The Equality and Human Rights Commission has published a guide called ‘Your Home Care and Human Rights’. It explains the community care and HRA obligations of local authorities and the standards required of care providers very simply and clearly, and will be of great value to advocates and social workers in helping people understand how the system of home care works and what their rights are.

‘The state of health care and adult social care in England: An overview of key themes in care in 2011/12’ CQC, November 2012

This comprehensive report contains a wealth of facts, figures, analysis, and examples of good and bad practice in health and social care. By way of example, we note:

  • More than 400,000 people in England live in residential care, 1.1 million receive care at home, and around 5 million care for a relative or friend.
  • As at 31 March 2012, there were 13,134 residential care homes with 247,824 beds registered in England and 4672 nursing homes with 215,463 beds.
  • An estimated 45% of care home places are self-funded.
  • 83% of councils have set their threshold for eligibility for state-funded care at ‘substantial’ (compared to 70% in 2008/9). 2% set it at ‘critical’.

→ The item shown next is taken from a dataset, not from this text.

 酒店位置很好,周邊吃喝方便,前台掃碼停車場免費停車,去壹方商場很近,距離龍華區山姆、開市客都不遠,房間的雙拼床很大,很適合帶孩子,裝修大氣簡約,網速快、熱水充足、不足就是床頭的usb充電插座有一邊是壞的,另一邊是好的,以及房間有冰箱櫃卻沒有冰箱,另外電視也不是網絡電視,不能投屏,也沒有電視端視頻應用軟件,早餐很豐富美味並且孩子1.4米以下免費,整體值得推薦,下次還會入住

The CQC provide a special focus on restrictive practices in mental health and mental capacity from at p.102ff of the report. In relation to the deprivation of liberty safeguards, it states (at p.103) that:

"All care homes and hospitals in England must apply for authorisation if they propose to deprive someone of their liberty by, for example: keeping them locked in; physically restraining them; placing them under high levels of supervision; forcibly giving them medicines; or preventing them from seeing relatives and friends.

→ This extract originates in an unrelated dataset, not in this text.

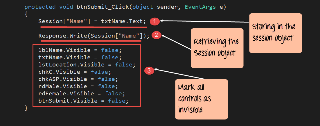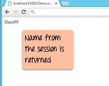 In our example, we are going to use the Session object to store the name entered in the name textbox field in the page. We are then going to retrieve that value and display it on the page accordingly. Let's add the below code to the Demo.aspx.cs file.

A number of concerns about restrictive practices were identified, including:

  • Restraint: Inspectors found it difficult to identify from patient records how often, and for how long, restraint was used and what actually happened during the restraint, which raised questions about such decisions are accounted for and monitored.
  • Seclusion and segregation: Safeguards were not always implemented and an interesting range of terms was used to describe circumstances in which people might effectively be detained in seclusion: "Nursed in his room", "Placed in the low-stimulus area for a sustained period" or "Chose to be in the safe-care suite."
  • Blanket rules: Typically, blanket rules related to access to communal rooms, kitchens, the person’s own bedroom (whether locking them out of their bedroom during the day, or insisting on a general and often early bedtime), and gardens and outdoor space. There were also rules in some settings about when a patient or resident might have a drink or a snack, or go for a cigarette. This happened in all types of care setting. In some settings, staff members told people that their takeaway meal, or outing, would not be allowed as a punishment for certain behaviour.
  • Lack of understanding of the Mental Health Act 1983: for example, informal or voluntary patients were subject to de facto detention with little consideration whether their deprived was deprived.